Денис Давыдов (Историческая хроника) - Задонский Николай Алексеевич (книги без регистрации TXT) 📗
Император давно уже с неудовольствием наблюдал за деятельностью Багратиона, устраивавшего войска по суворовскому образцу. Человеческое отношение к «нижним чинам» и разумное поощрение солдатской инициативы казались недопустимым либерализмом.
Назначая Каменского, император сказал ему:
– Князь Петр Иванович слишком мягок, не всегда придерживался установленных правил, несколько распустил войска… Надеюсь, вы наведете там настоящий порядок… Я предоставляю вам полную свободу действий!
Приехав в армию, Каменский издал приказ, полный угроз тем, кто не будет оказывать ему доверия. На другой день отменил все «поблажки», введенные для «нижних чинов» Багратионом. Приказал расстрелять без суда нескольких солдат, виновных в различных мелких нарушениях приказов. Полковым командирам предложил усилить строгость и по своему усмотрению гонять провинившихся солдат сквозь строй до трех тысяч раз.
С генералами и офицерами главнокомандующий держался надменно, оскорблял их на каждом шагу. Никаких советов признавать не желал. Доходило до того, что открыто называл себя гением, а всех окружающих дураками. Подобное поведение ничего, кроме вреда, не принесло. Войска упали духом. Многие командиры покинули армию.
Начав в мае наступление, Каменский на первых порах овладел Базарджиком и Силистрией, но под Шумло?й был вынужден остановиться. Эту хорошо укрепленную крепость защищали лучшие турецкие войска под начальством великого визиря Юсуфа-паши. А русская армия, растянувшаяся на восемьдесят верст, томимая зноем, таяла от повальных болезней. Но главное – был утерян боевой суворовский порыв, отличавший войска, когда они находились под командой любимых начальников.
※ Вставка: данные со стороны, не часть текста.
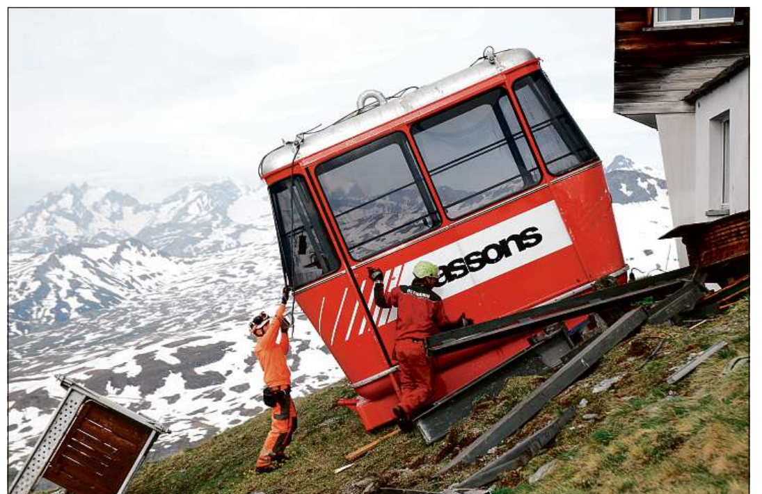
La cabina da Cassons ei historia, l'uniuin Pro Flem Cassons denton aunc buc.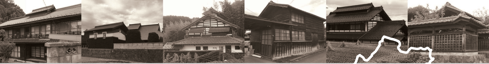
北杜市内の古民家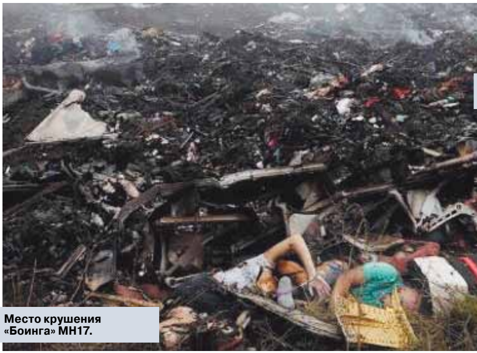
Место крушения «Боинга» MH17.

В рассказе украинского летчика о падении «Боинга» — масса нестыковок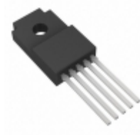
BA33DD0WT Rohm Semiconductor IC REG LDO 3.3V 2A TO220FP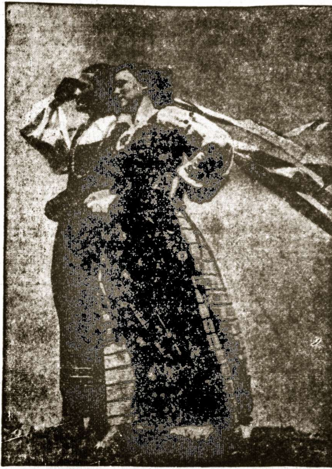
Lietuvaitės laisvajam Lietuvos pajūryje

Pasikaustė bevykdydami vieną iš daugelio operacijų punktų, norėdami antikomunistus pakaustyti, patys pasikaustė. Paaiškėję operatoriai visai nėra pavojingi.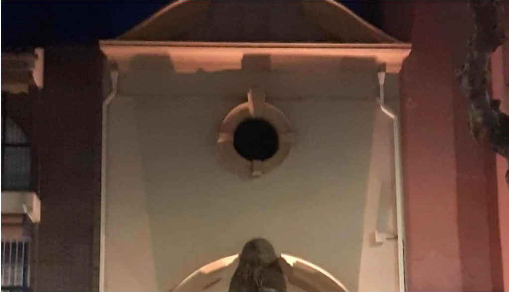
Ermita de san anton comentario 3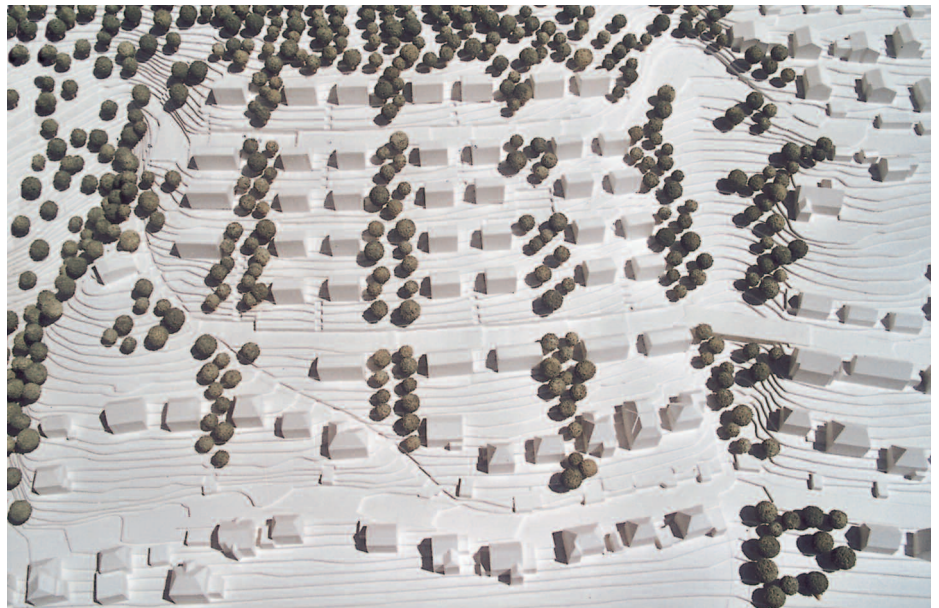
1. Preis: Meurer Architekten, Frankfurt · Bielefeld · Gillich + Heckel, Trier

L.Arch.: Kienle Planungsgesellschaft Freiraum und Städtebau GmbH

Не считаясь ни с чем, Каменский объявил в приказе, что через два дня возьмет Шумлу. Раевский, командовавший одним из корпусов, будучи на обеде у главнокомандующего, высказал сомнение.
– Я не думаю, что Шумлу так легко взять, как ваше сиятельство предполагает.
– А все-таки она будет взята, если я приказал! – заносчиво возразил Каменский. – Послезавтра мы там обедаем! Не сомневайтесь! Я уже заказал кондитеру изготовить на сладкое турецкую башню из крема, украшенную моими гербами.
– Отважное предприятие, ваше сиятельство, при такой жаркой погоде, – насмешливо ответил Раевский, намекая, что крем может растаять.
Каменский промолчал. Но на следующий день отрешил Раевского от должности, послал в Яссы командовать резервами.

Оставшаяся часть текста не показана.